Various foodstuffs were grown or were available and used during the Book of Mormon timeframe in different parts of America and included three main crops; corn, beans and squash. Other food (not all in the same locations) used by various peoples and cultures, included such things as: amaranth, eaten with chili peppers; chicham (like a turnip); chicozapote, a fruit; gourds; lima beans; manioc or cassava; yucca; peppers; peanuts; various plants; pineapples; potatoes; pumpkins; sunflowers; sweet potatoes and tomatoes. The Mayans grew cacao trees for chocolate, avocado trees and also papaya trees.

Against all odds of at least getting some of them right, Smith manages only one. He includes corn, but mentions not one of the rest of the above in his BOM at all, other than the cover-all statement ‘all manner of fruits’. Instead, he claims that they cultivated barley and wheat (which did not exist there) using manufactured implements, including ploughs made from metal (none have been found), pulled by draught animals which did not exist there at the time.

“And they did make all manner of tools to till the earth, both to plow and to sow, to reap and to hoe, and also to thrash. And they did make all manner of tools with which they did work their beasts.” (Ether 10:25-26)

Smith here combines three errors into proof positive fiction. Clearly, the ancients did not make ploughs (or any other implements) with which to work their beasts, in order to plough, sow, reap and hoe, or thrash [thresh], as they did not have any wheat and they did not have any beasts of burden of any description with which to work such implements, for which there is equally no evidence. There couldn’t be, as there was no use for them. No wheat, no barley, no ploughs and no draught animals – equals a story of pure (and very obvious) nineteenth century fiction.

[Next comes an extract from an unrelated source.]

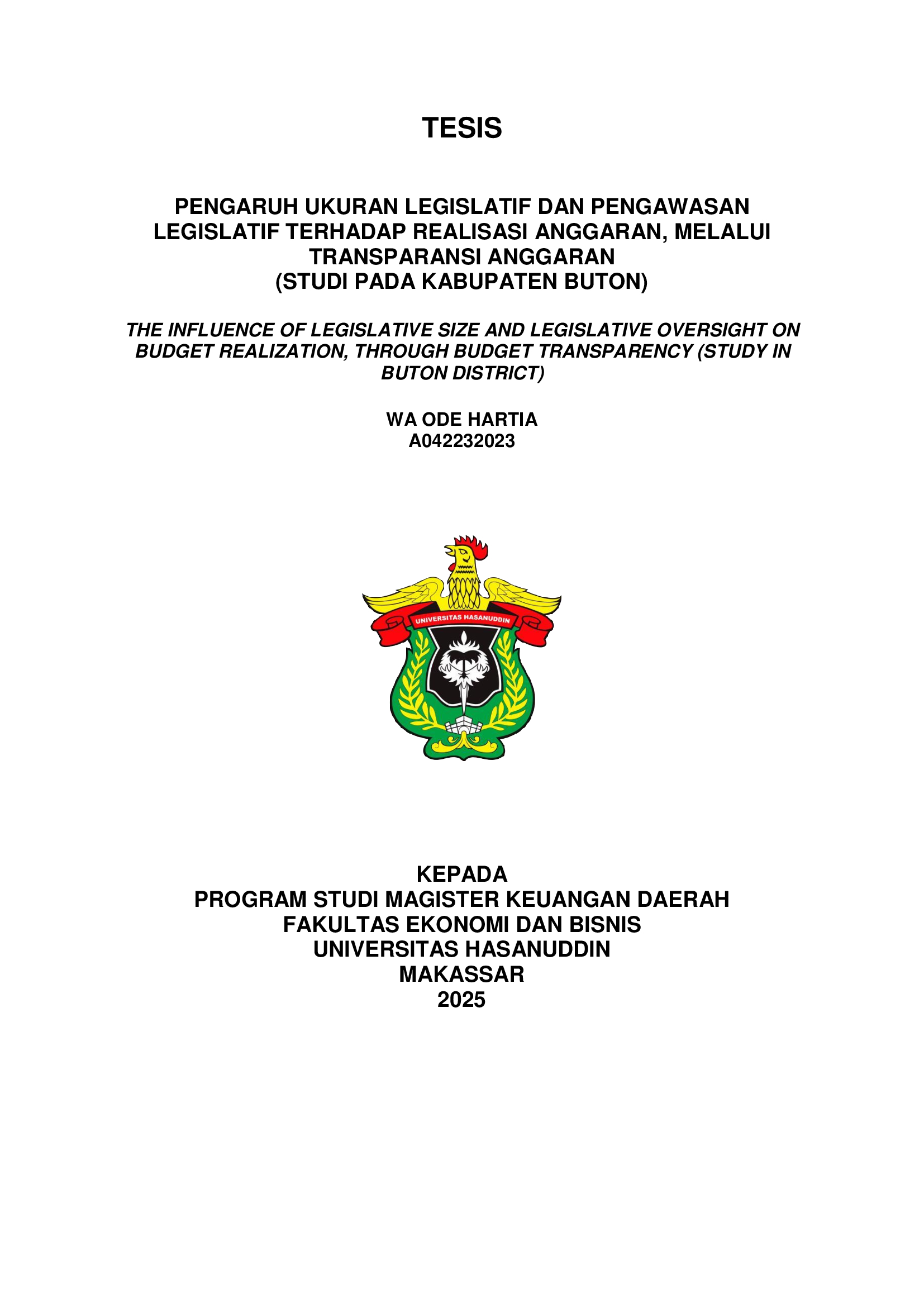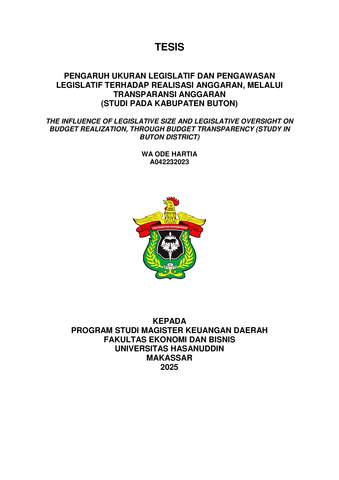 HARTIA, WA ODE (2025) PENGARUH UKURAN LEGISLATIF DAN PENGAWASAN LEGISLATIF TERHADAP REALISASI ANGGARAN, MELALUI TRANSPARANSI ANGGARAN (STUDI PADA KABUPATEN BUTON) = THE INFLUENCE OF LEGISLATIVE SIZE AND LEGISLATIVE OVERSIGHT ON BUDGET REALIZATION, THROUGH BUDGET TRANSPARENCY (STUDY IN BUTON DISTRICT). Thesis thesis, Universitas Hasanuddin.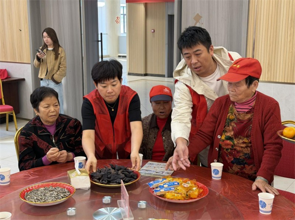 除了沉浸式的戏曲盛宴,活动还设置了趣味与实用兼具的互动环节。社区工作人员与志愿者通过有奖问答、发放宣传折页等形式,向居民普及防诈反诈、垃圾分类、扫黄打非等生活知识,让大家在轻松氛围中收获实用技能。现场精心准备了重阳特色茶点,社区志愿者们忙前忙后,细致地为老人们添茶递点、贴心陪伴。老人们围坐一堂,与邻里畅谈家常趣事,也和志愿者们分享过往岁月,在氤氲茶香与欢声笑语中,感受邻里间的真挚情谊与志愿者的暖心关怀,让“远亲不如近邻”的温暖在社区传递。

He also mentions ‘neas’ and ‘sheum’ which are just nonsense words, supposedly given by God to Smith in the 1820s in an understandable form for the people of the day, without further need for interpretation. No one then or now has a clue what they actually mean. Apologists claim ‘sheum’ was an old Assyrian word relating to barley (which they didn’t have), grain or other things such as pine-nuts and it was hardly a word Smith would have ‘known’ in his day as the relevant language was not then interpreted. But, why would God translate ‘reformed Egyptian’ into ancient Assyrian for Smith to see in his hat and then have written down, when no one would ever understand it? It is utter apologetic nonsense, just as is Smith’s use of the word which he just made up.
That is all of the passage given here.